A multiple tissue cDNA panel consisting of 16 normal human tissues generated using normalized first strand poly(A)+ RNA (Clonetech, Palo Alto, CA) was used for analysis of normal expression pattern of GCT1 and GCT2. Total RNA isolated from normal testis, tumor tissues, and the tumor cell lines was reverse transcribed using random primers and Pro-Star first strand RT-PCR kit (Stratagene, La Jolla, CA) following manufacturer-recommended protocol. Semiquantitative analysis of gene expression was performed by 26–28 cycles of multiplex RT-PCR with β-actin plus GCT1 or GCT2-specific primers. Primers for RNA amplification were selected to span at least two exons to rule out gDNA contamination. GCT1-forward 5′-TGTTGCAGCAGTGGAAACTC-3′ (580–599) and GCT1-reverse 5′-ACCAACTGGGTAGGTGTGGA-3′ (822–841) amplified 262 bp of cDNA. GCT2-forward 5′-GATCTCCTTAACGGACACGC-3′ (96–115) and GCT2-reverse 5′-TCAAAGGCCAACCAATAAGG-3′ (327–346) amplified 251 bp of cDNA. The PCR products were run on 1.5% agarose gels, visualized by ethidium bromide staining, and quantitated using a Kodak digital image analysis system. The values obtained for each gene in four normal testis RNA samples were used to calculate the SD, and their mean was used to calculate the ratio (test/normal). A gene was considered overexpressed if the ratio was >(1.00 + 2SD).
RESULTS
Mapping of the Sequences Spotted on the Arrays.

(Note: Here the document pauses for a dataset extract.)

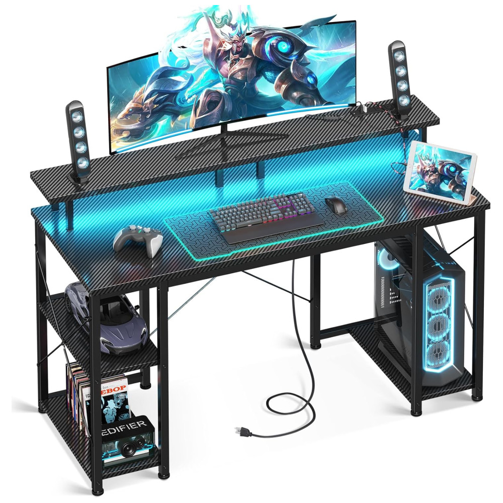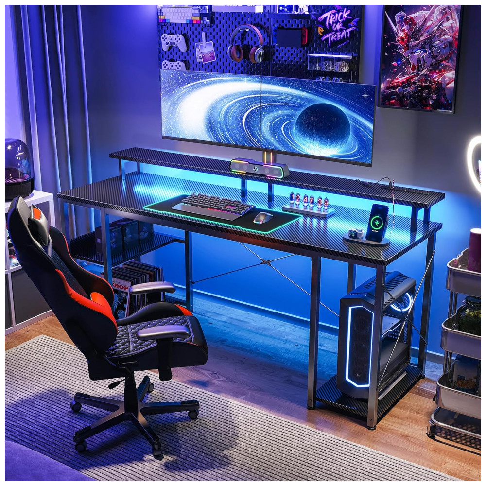 Esta mesa gamer é perfeita para gamers e usuários que buscam uma solução multifuncional. Com um suporte de monitor completo, acomoda dois monitores ou laptops, proporcionando um ambiente de jogo forte com iluminação LED integrada. A mesa possui porta USB integrada para carregamento e prateleiras reversíveis para suporte de PC. Além disso, conta com um gancho para seus fones de ouvido, deixando tudo o que você precisa ao seu alcance. Construída com uma estrutura de metal premium e aglomerado espesso, garante estabilidade e durabilidade, e uma barra transversal X adicional melhora a estabilidade desta pequena mesa. Disponível em diferentes tamanhos, oferece amplo espaço para as pernas e é ideal para trabalhar, escrever, estudar ou jogar. A mesa é fácil de montar e vem com todas as ferramentas e instruções necessárias.
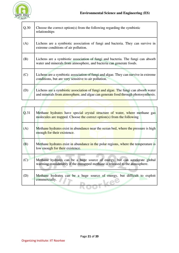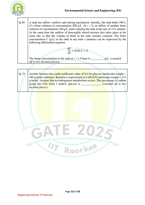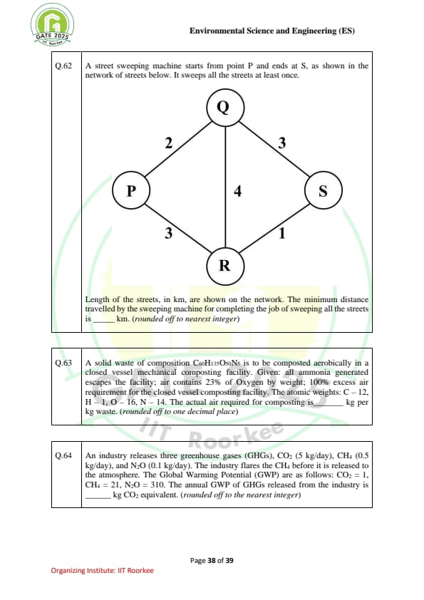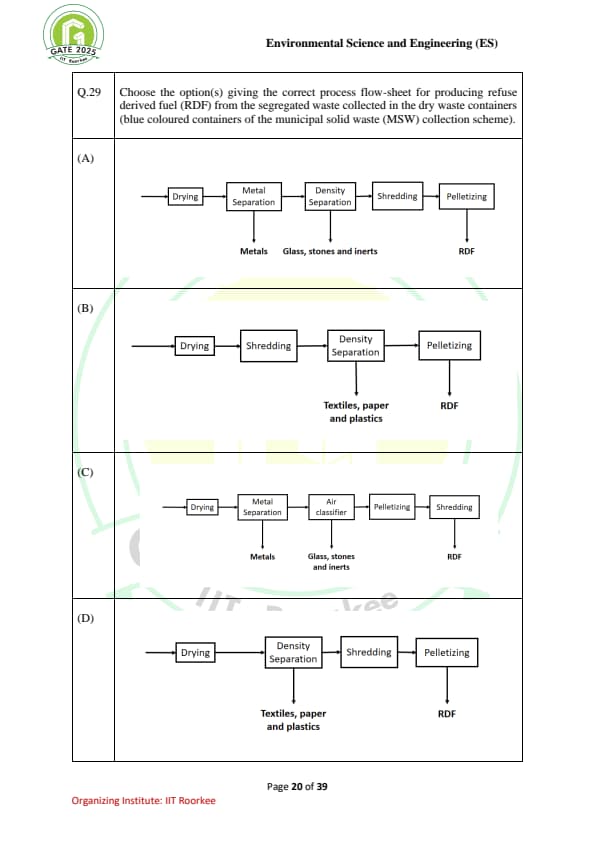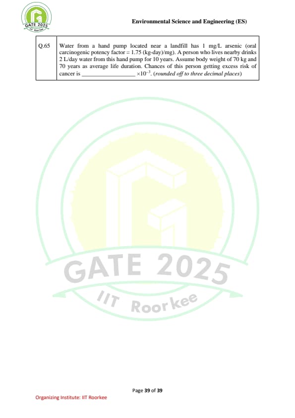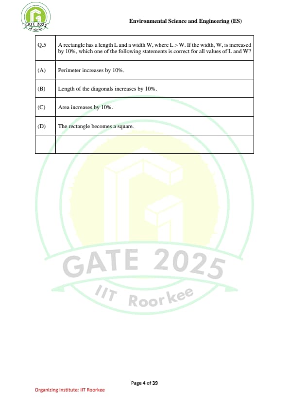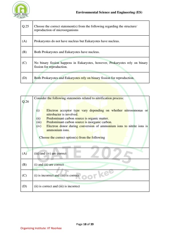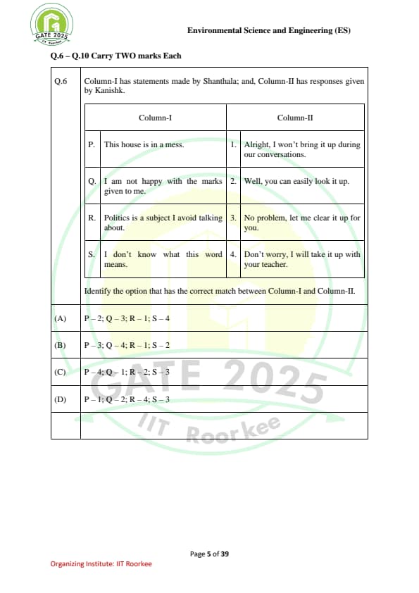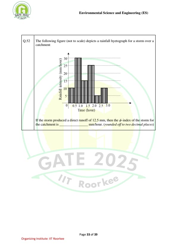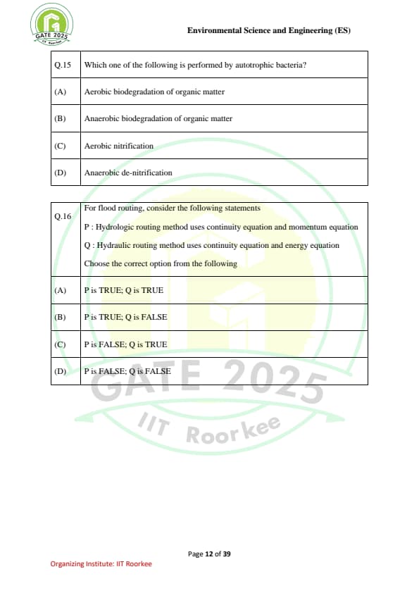 IIT Roorkee is conducting the GATE 2025 Environmental Science & Engineering (ES) exam, and the GATE 2025 ES Question Paper PDF is now available after the conclusion of the February 15 shift 1 from 9:30 AM to 12:30 PM. As per the updated exam pattern, the exam consists of 65 questions totaling 100 marks, with 10 questions from General Aptitude and 55 questions covering Engineering Mathematics and Environmental Science & Engineering topics.

Among the 8254 ESTs spotted on the array, 252 were singletons, whereas the remaining were included in 7366 UniGene clusters, including 6167 that had mapping information. Of these, 352 were mapped to chromosome 12, 118 that were assigned to 12p, and 33 that were further assigned to 12p11-p12. On the basis of the comparison of sequences mapped to 12p in several databases (UniGene, UniSTS, GeneMap’98, GeneMap’99, GeneBridge 4, OMIM Gene Map, the working draft sequence build 22, the AECOM 12p map, and TIGR6), we estimated that 12p contains coding sequences of ∼400 genes.7 The EST array used therefore represents approximately one-third of the 12p genes.
Chromosomal CGH Analysis.
Thirty-eight TGCT biopsy samples (10 seminomas and 27 nonseminomas) and the OCCL were subjected to chromosomal CGH analysis. The 12p amplification status in 34 of these tumors by CGH has been published elsewhere (23). High-level amplification at 12p11-p12 was observed in 4 seminomas (187A, 192A, 287B, and 427A) and the OCCL cell line (Fig. 1).
Array CGH Analysis.
We performed array CGH analysis on the DNAs from the five samples that showed 12p11-p12 amplification by chromosomal CGH. As controls, we similarly analyzed tumor 227A, a seminoma that did not show 12p11-p12 amplification and placenta. Test (tumor) and reference (placenta) gDNAs were labeled with Cy3 and Cy5, respectively, and cohybridized to the EST array. The signals obtained after laser excitation of the dyes were digitized (Fig. 2), and the raw data (median feature pixel intensity with the median local background intensity subtracted at each wavelength) were then subjected to statistical analysis. To correct for systematic errors introduced by the intensity-dependent dye efficiencies, the hybridization signal data from each slide were normalized using a local regression of the log-ratio variable Y = log2(G/R) versus the log-product X = log10(R × G)/2 (R and G represent the intensities of the Cy3 and Cy5, respectively; Ref. 20). Examples of pre- and postnormalized data are shown in Fig. 3, A and B. In practice, the noise structure and magnitude of the signals varied from slide to slide, as can be seen by the variation in the shapes of the point clouds (Fig. 3,A). It was therefore important to construct an indicator to identify ESTs that exhibited significant signal deviation from normal in a given slide. To this end, we computed the intensity-dependent (local) variance ς(XN)2 from a local regression of YN2 versus XN after normalization (XN and YN represent the normalized X and Y variables). We observed that the variable |YN|/ς(XN) closely followed a Gaussian distribution in the control experiments, as shown by the straight quantile-quantile plot (Fig. 3,C). As expected for tumor versus reference comparisons, these distributions were slightly longer-tailed on one side of the plot, reflecting biological amplification (indicated by the arrows in Fig. 3 C). Because the bulk of the distributions were nearly Gaussian, it was felt justified to attribute significance to amplified or overexpressed ESTs according to the values of YN/ς(XN) (LR/SD), independently for each slide.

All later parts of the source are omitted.